El Valencia CF tiene avalada su deuda con Caixabank con el terreno residencial del estadio vigente, unos 150 millones de euros que perdería en caso de un cambio de planeamiento

Foto: Vista del Mestalla con cientos de aficionados manifestándose contra el propietario del club, Peter Lim. (EFE/Biel Aliño)
Vista del Mestalla con cientos de aficionados manifestándose contra el propietario del club, Peter Lim. (EFE/Biel Aliño)

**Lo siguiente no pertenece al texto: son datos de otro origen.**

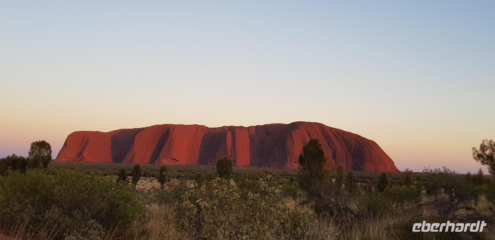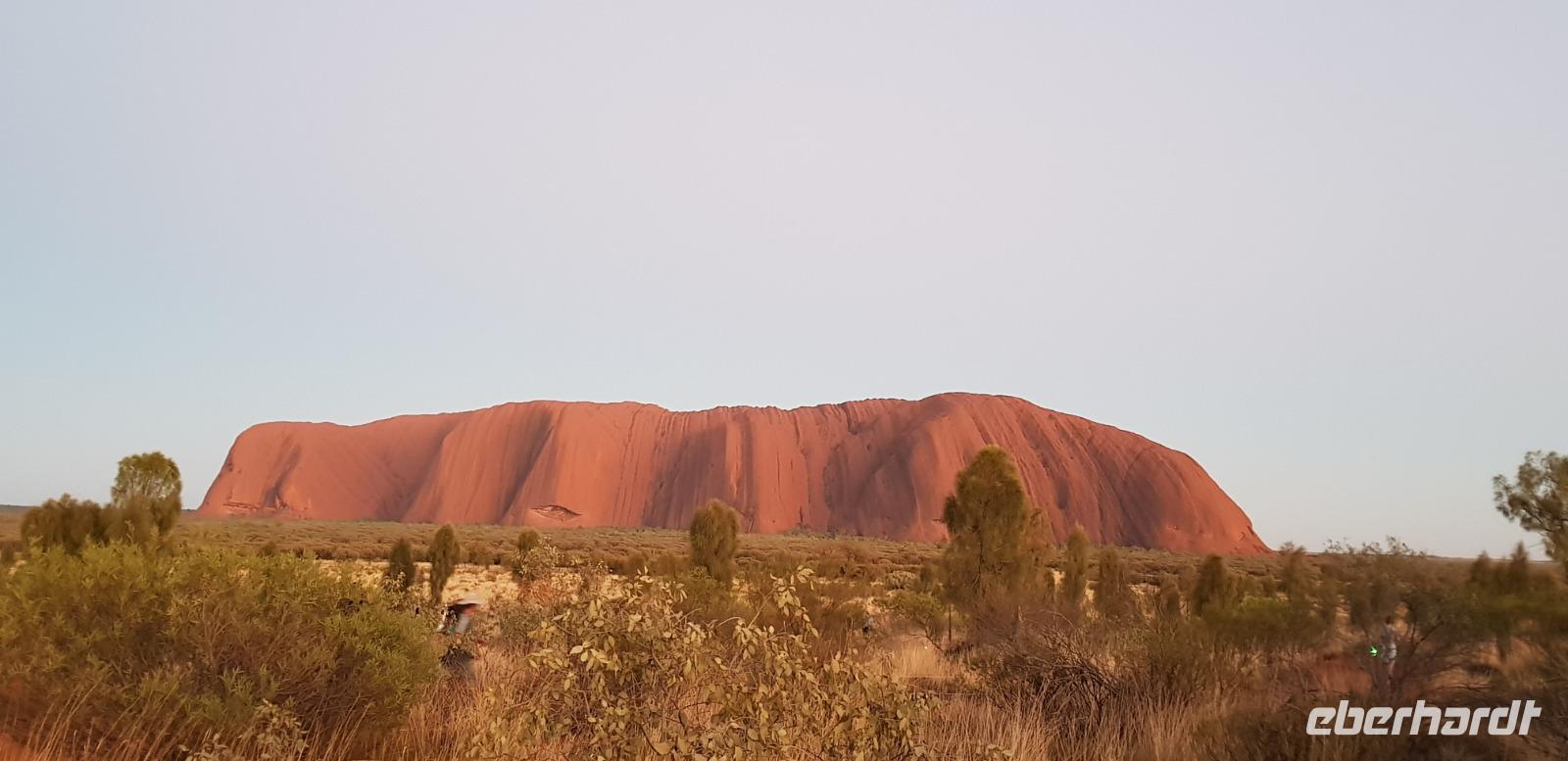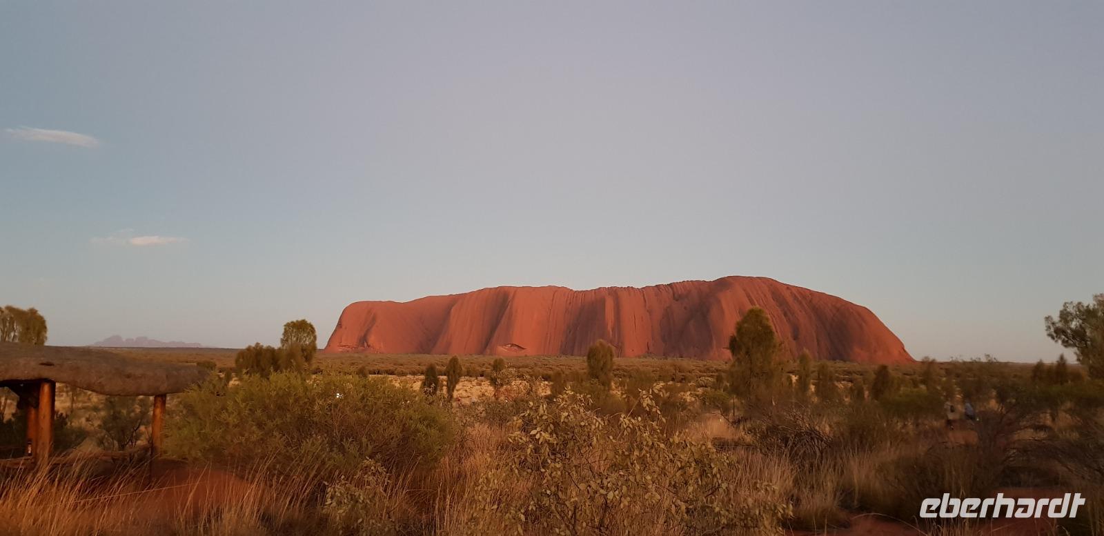 Bereits sehr früh morgens ist Abfahrt an den nahe gelegenen Uluru zum Sonnenaufgang, den wir uns in aller Ruhe anschauen können. Mit bloßem Auge ist das Wechselspiel der Farben, die der Berg bietet, kaum wahrzunehmen. Erst die Bilder, die man laut Marco aller paar Minuten machen sollte, fördern die unterschiedlichen Farbtöne zutage und belohnen das frühe Aufstehen wirklich.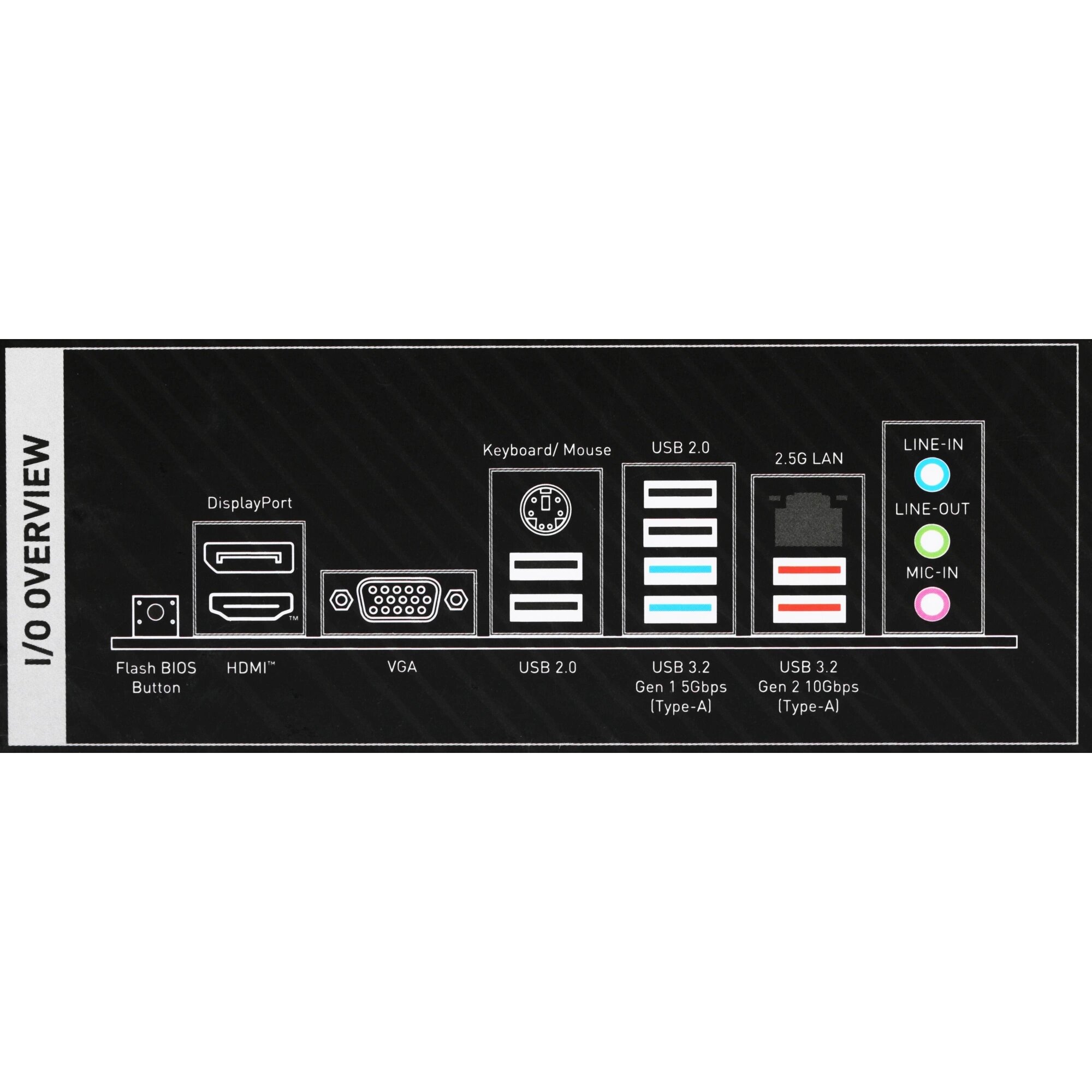 | Разъемы на задней панели | 2 x USB 3.2 Gen1 Type-A, 2 x USB 3.2 Gen2 Type-A, 4 x USB 2.0 Type-A, DisplayPort, HDMI, LAN RJ-45, PS/2 (клавиатура/мышь), VGA |

Mestalla cumple 100 años el 20 de mayo de 2023. Es el estadio más antiguo de Primera División. El más auténtico. Los ingleses, que inventaron el juego, lo han situado en la cima. El prestigioso diario The Telegraph lo eligió segundo mejor estadio de Europa en 2016, tan solo por detrás del Westfallen Stadion, del Borussia Dortmund. El periódico destacó “unas gradas con mayor inclinación que te dejan sin respiración, incluso si las has visto mil veces”.

Foto: Aficionados del Valencia protestan contra Peter Lim. (EFE/Kai Försterling)

El viejo Mestalla ha resistido una guerra, la riada del 57, diversas remodelaciones y ha acogido un Mundial (1982) y unos Juegos Olímpicos (1992), así como de miles de partidos de los mejores equipos y jugadores. Ha supuesto un icono para la ciudad, accesible paseando desde el centro, y con una salida norte a la autopista que ha evitado grandes atascos en los días de partido. Y, sin embargo, tiene los días contados desde que Juan Soler, el 9 de noviembre de 2006, por motivos meramente especulativos (vender el terreno de la Avenida de Aragón, una zona muy cara de Valencia) y sin apenas contestación social, anunciara la fastuosa construcción de un nuevo estadio, en la Avenida de las Cortes Valencianas, cuyas obras están paradas desde 2009 por falta de financiación y que el Valencia CF confía en reanudar en los próximos meses.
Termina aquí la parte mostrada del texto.